Top European financial institutions has been formed a coalition to develop common security standards and best practices for the use of cloud technology in the EU.

The European Cloud User Coalition (ECUC) has been established by Allied Irish Banks, BAWAG Group., Belfius Bank, Commerzbank, Deutsche Börse, EFG Bank, Erste Group Bank, Euroclear, ING, KBC Bank, Swedbank and UniCredit.

Financial sector is the life blood of the global economy and as a part of their digitalisation efforts, they have resorted to adoption of private cloud.
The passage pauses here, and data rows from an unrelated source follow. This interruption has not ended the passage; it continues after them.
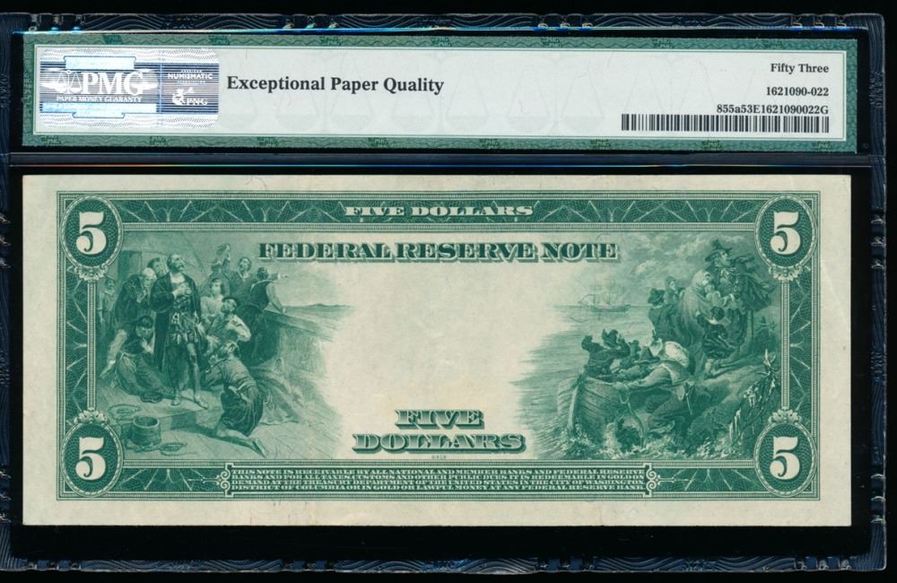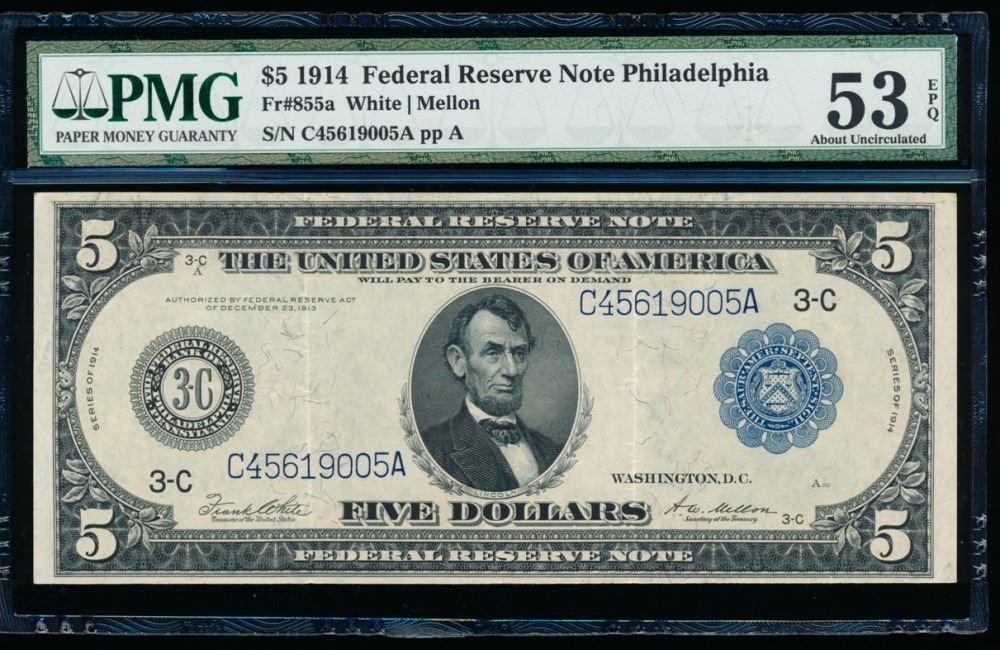 One 1914 $5 Philadelphia Federal Reserve Note PMG 53EPQ.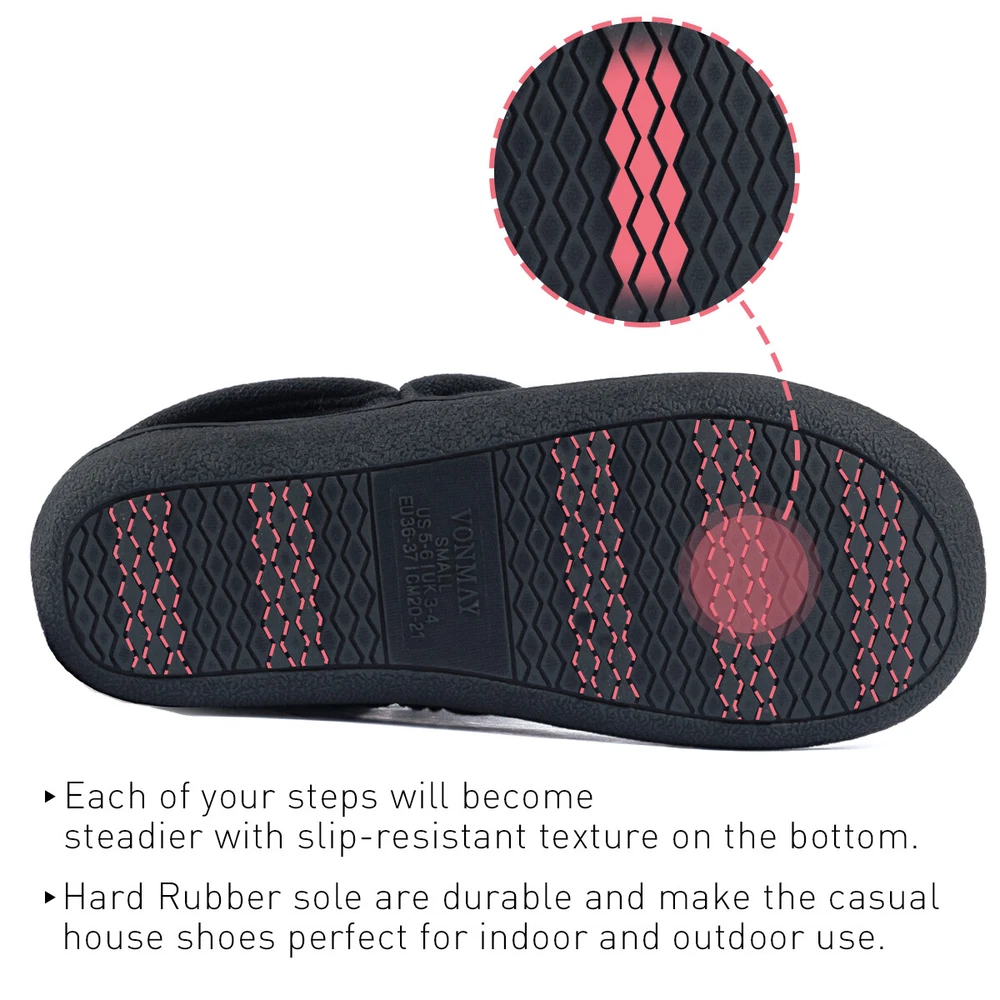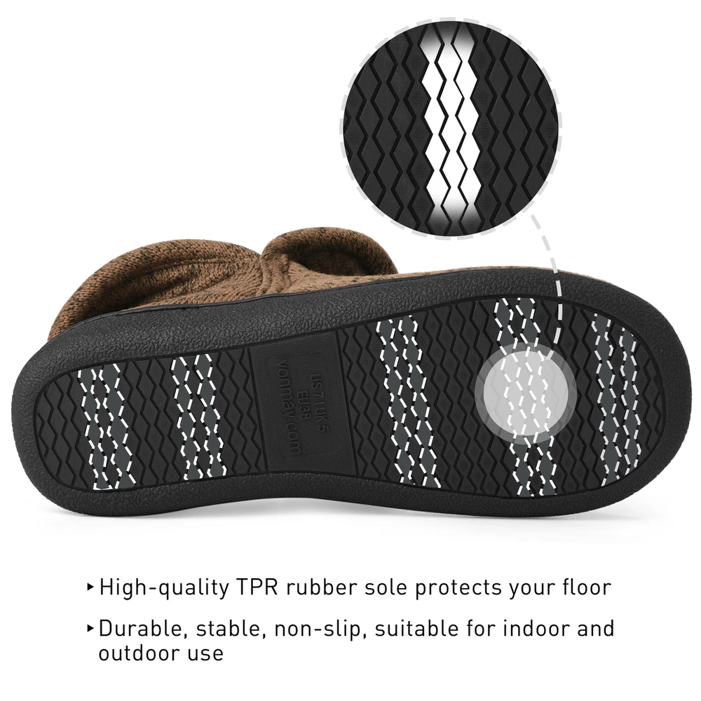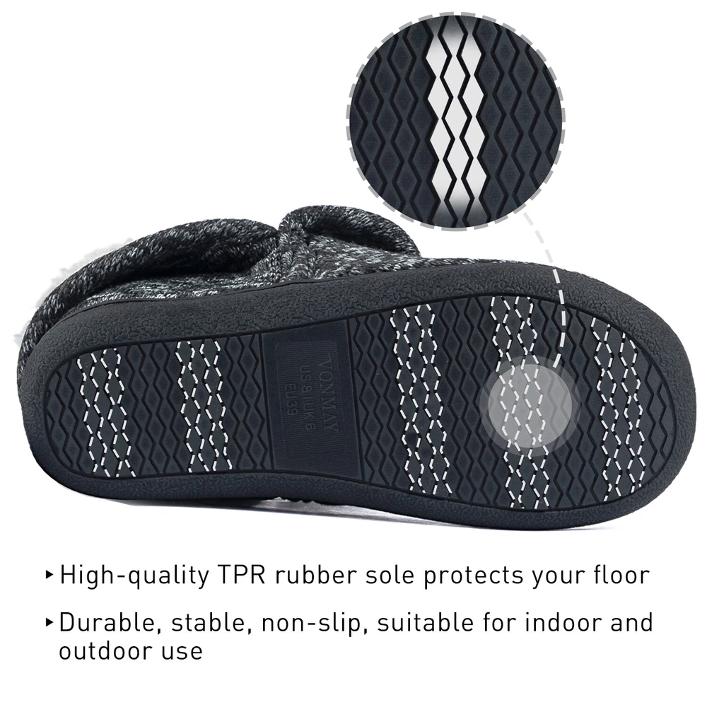VONMAY Womens Comfy Boots Slippers Memory Foam Ankle-High House Shoes Outdoor 👉 If you have a wider feet, we suggest you to choose one in larger size , because of soft faux fur lining. Unique Foldable Collar Design * Foldable fleece collar design, covers your feet and ankles, provides you extra warm & comfortable. * Keep the heat firmly locked, even in the cold weather, the temperature inside the slippers is also close to human body. * Soft & comfotable side seams and thicker foam, you can enjoy your this Bootie Slippers for a very long time. * According to the feedbacks, we had improved quality and fix the size issue, please choose your normal size. * You might feel a bit snug at first due to thick lining, you will feel more comfortable cause the slippers stretching to your size. A Great Gift to Pamper Your Tired Feet 🥳 Sturdy material with popular style, the slipper is perfect for men of all ages and lifestyles. They are also great choice as a gift to your wife, mom, daughter, girlfriend and friends. Why Choose VONMAY Women Plush Fleece Booties Slippers? * Super warm wool-like inner & cotton knitted upper, plus a durable and comfortable sole, makes this a perfect option for both indoor and outdoor use. * The foldable collar design covers your ankle for extra warmth and comfort, you'll never want to take them off. * Fully machine-washable for quick and convenient clean up as needed. Payment Delivery details Terms of sales About us Contact us Payment -- You could pay with your local currencies,usually,we refund to our customers with dollars. Delivery details -- Free shipping to the US customer(Main Land).We take great care packing every item to ensure safe shipment. -- To give you a rough estimate of when to expect delivery, after an order is placed online, our shipping department usually takes 1-2 business days to prepare the package for delivery. -- The delivery process then takes between 3 to 7 business days. Terms of sales -- We accept return,have this products without hesitation.If you do not like this item you received or the package have some flaw,you can feel free to contact us,we will sincerely to help you solve the problems. - - We will pay the shipping fee if you received bad/wrong/broken items. - - You may take some photos or video to show the problems when you contact us. About us We strive to provide all our customers with an ultimate shopping experience. From browsing to checking out, we want to make it easy for you to find and get what you want with amazing savings! Contact us --Please feel free to contact us if you have any questions, we're willing to help you solve the problems.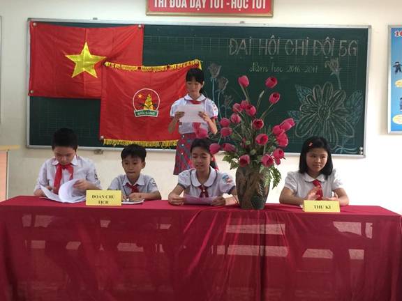 Đại hội Chi đội của lớp 5G vinh dự có sự góp mặt của cô giáo Nguyễn Thị Vinh - Phó hiệu trưởng nhà trường, cô giáo Đỗ Thị Hoa -Tổng phụ trách và các đội viên tiêu biểu của khối 4, 5 cùng toàn thể 39 đội viên của Chi đội 5G.

However, public cloud computing platform is increasingly gaining traction as it offers scalability, flexibility and high-quality security and resilience standards.

Many European banks have a sizeable presence in Asia and host their applications in data centers located here.

However, with GDPR norms as well as the reliance of EU banks on third party clouds provided by a limited number of US entitites has recently become a focus of regulatory attention at the European Central Bank, which has bemoaned the absence of an EU challenger capable of taking on the might of Big Tech cloud providers from the overseas.

For starters, ECUC will publish a paper with requirements for cloud services during 2021. The paper will consider all aspects of the basic European regulation and the data localisation provision, including General Data Protection Regulation (GDPR) requirements.

Besides winning new members ECUCs objective is to jointly agree on EU-grade security standards and best practices for the use of cloud technology and to use their collective muscle to enforce such standards on non-European cloud players.

“On that basis the high European regulatory and data protection standards will be better enforced with non-European cloud providers as well,” said the coalition. “As a result, financial institutions will in the long term be more independent in their technology selection, thus strengthening competition,” it added.

Even as this coalition takes shape, a problem with the cloud is that the servers with the data are physically located in different countries, not always under the control of the cloud user company. The authorities of a location country can based on domestic legislation get access to the data, copy, analyse and decide on action without the user company even knowing that this access has taken place.

Financial institutions using cloud should be obliged to disclose to end user customers that their data is managed is such a way. EU member states also start to demand that data and critical processes must reside within the member state and any cloud then must be “domestic only”.

Industry watchers opine that all this adds to the cost of doing business and end-users will eventually have to bear the brunt of extra costs.